Tuesday, July 12, 2022

My work with LiteDB

Recently I was looking for a storage system for my program. This is a desktop application that creates many objects and searches for text in them. So I thought: "Why don't I try something new." Instead of an SQL database, I could use some kind of document database. But I didn't want to have a separate server, I wanted this database to work with a simple file. Search of the Internet for this kind of databases for .NET applications quickly led me to LiteDB. And here I want to share my experience with this database.

Inheritance

My program works as follows. I want to store objects like this:

internal class Item
{
    public string Title { get; set; }

    public string Description { get; set; }

    public List<Field> Fields { get; set; } = new List<Field>();
}

But the Field class is abstract.
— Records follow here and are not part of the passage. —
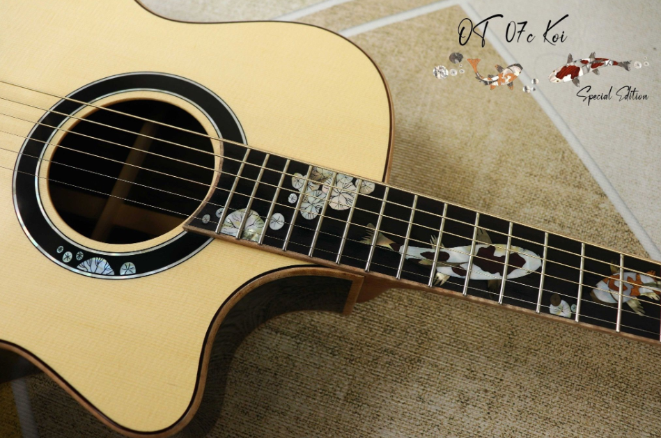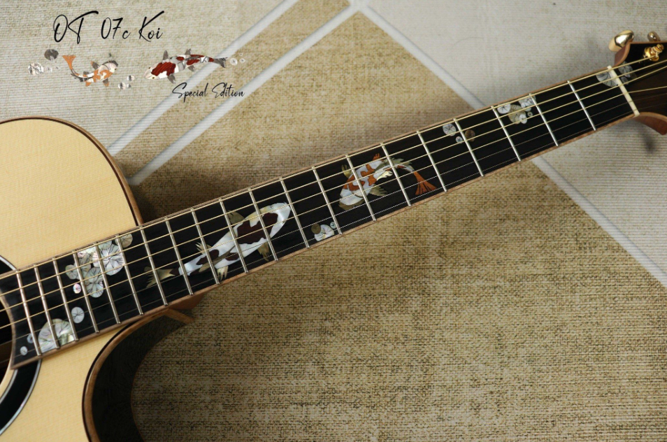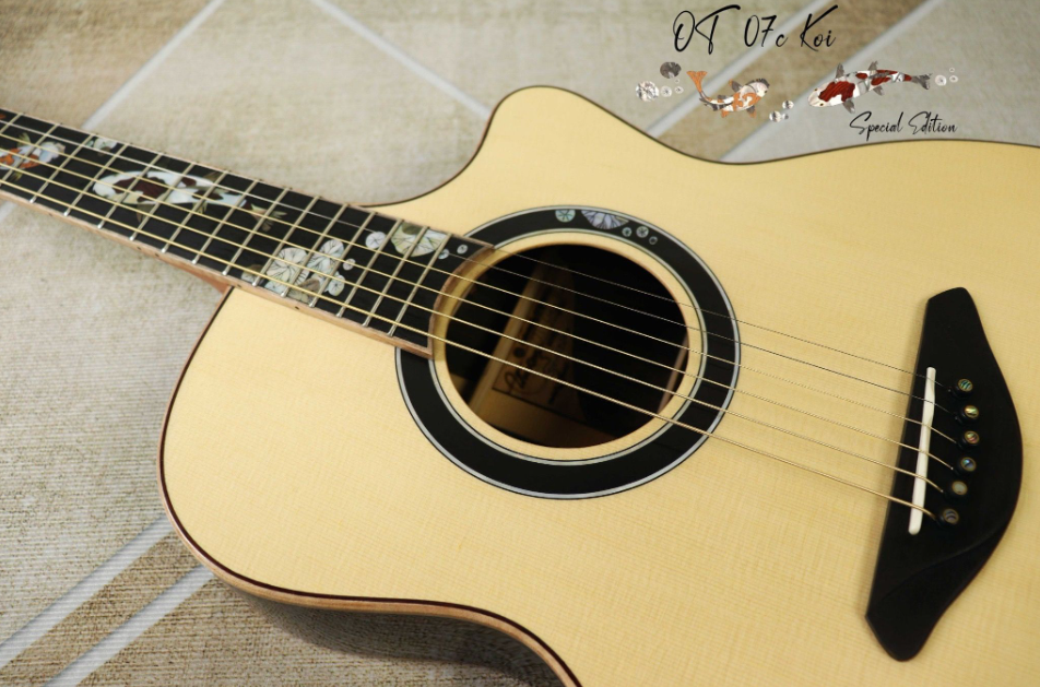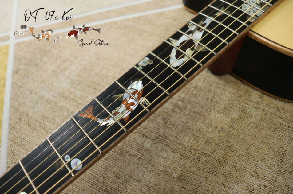 OT-07C KOI (SPECIAL EDITION) 2024 Cấu hình:- Body shape: OM with Cutaway- Bevels: None- Top: Solid 5A Engelamm Spruce- Back and Sides: Solid Master Ziricote- Fingerboard: Ebony- Bridge: Ebony- Neck: 1 Piece Mahogany (2 lines)- Nut and Saddle: Bone-...
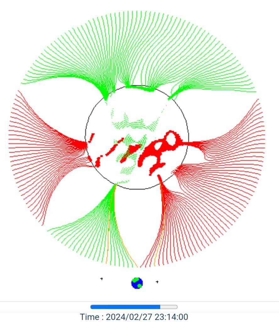 De magnetische verbinding tussen aarde en Zon is woensdag rond middernacht (00:00 uur) weer geswitcht naar de ‘ongewone’ magnetische verbinding (groene stralen). De verwachting is dat dit ongeveer 5 dagen aan de orde blijft. Daarna is er zeer waarschijnlijk weer een switch naar de ‘normale’ verbinding.
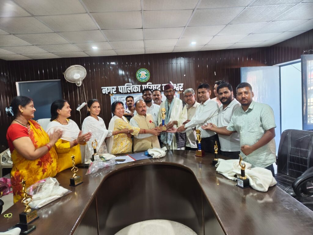 इस अवसर पर नगर क्षेत्र में स्वच्छता कार्यों में उत्कृष्ट योगदान देने वाले जनप्रतिनिधियों, पर्यावरण मित्रों एवं कार्यालय कर्मचारियों को सम्मानित किया गया। उन्हें यह सम्मान निरंतर परिश्रम, समर्पण एवं समाज में स्वच्छता के प्रति जागरूकता फैलाने के उल्लेखनीय प्रयासों के लिए प्रदान किया गया।
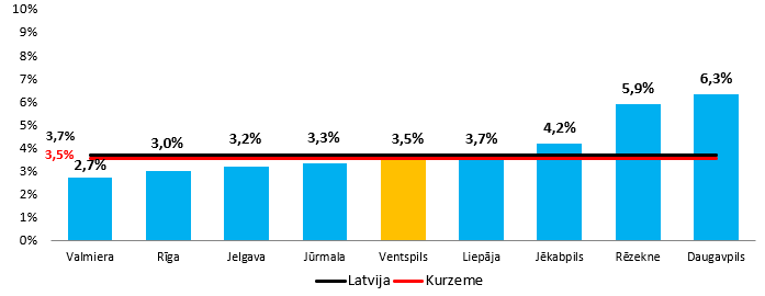 Ventspils pilsētā 2026. gada 27. aprīlī bezdarba līmenis, rēķinot pret iedzīvotāju skaitu darbspējas vecumā 2025. gada sākumā – 3,5 % – ir vienā līmenī ar bezdarba līmeni Kurzemē (3,5%) un par 0,2 procentpunktiem zemāks nekā Latvijā (3,7%) sk. 1. attēlu.
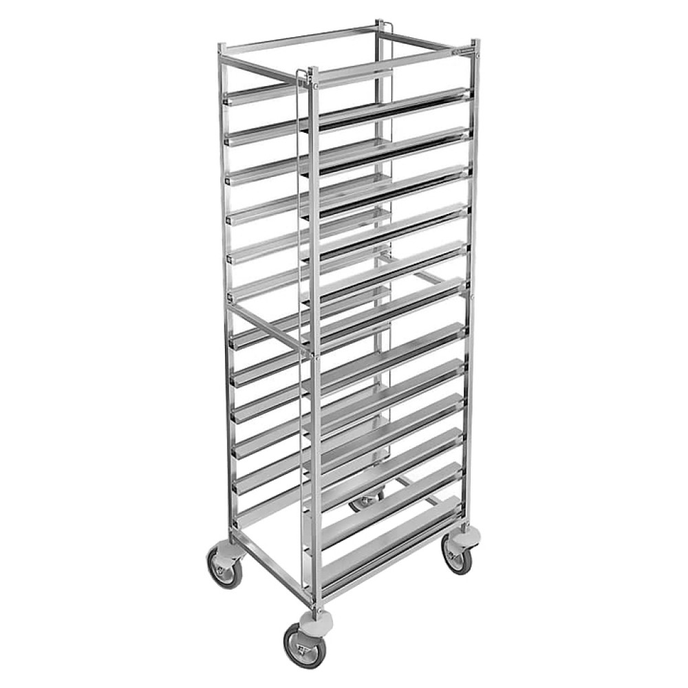 Тележка-шпилька KAYMAN СШ-41/122 используется на предприятиях общественного питания и торговли для транспортировки и хранения гастроемкостей и противней. Каркас и направляющие для 24 противней выполнены из нержавеющей стали AISI 430.

And it has many descendants:

internal abstract class Field
{
}

internal sealed class TextField : Field
{
    public string Text { get; set; }
}

internal sealed class PasswordField : Field
{
    public string Password { get; set; }
}

internal sealed class DescriptionField : Field
{
    public string Description { get; set; }
}

...

When working with SQL databases, I had to configure the storage of various descendants of the Field class. I thought that with LiteDB I would have to write my own BSON serialization mechanism, LiteDB provides such an opportunity. But I was pleasantly surprised. Nothing is required of me. Serialization and deserialization of various types are already implemented. You just create the necessary objects:

var items = new Item[]
{
    new Item
    {
        Title = "item1",
        Description = "description1",
        Fields =
        {
            new TextField
            {
                Text = "text1"
            },
            new PasswordField
            {
                Password = "123"
            }
        }
    },
    new Item
    {
        Title = "item2",
        Description = "description2",
        Fields =
        {
            new TextField
            {
                Text = "text2"
            },
            new DescriptionField
            {
                Description = "description2"
            }
        }
    }
};

... and insert them into the database:

using (var db = new LiteDatabase(connectionString))
{
    var collection = db.GetCollection<Item>();

    collection.InsertBulk(items);
}

That's all. LiteDB has LiteDB.Studio utility that allows you to view the contents of your database. Let's see how our objects are stored:

{
  "_id": {"$oid": "62bf12ce12a00b0f966e9afa"},
  "Title": "item1",
  "Description": "description1",
  "Fields":
  [
    {
      "_type": "LiteDBSearching.TextField, LiteDBSearching",
      "Text": "text1"
    },
    {
      "_type": "LiteDBSearching.PasswordField, LiteDBSearching",
      "Password": "123"
    }
  ]
}

It looks like each object has a _type property that allows correct deserialization from the database.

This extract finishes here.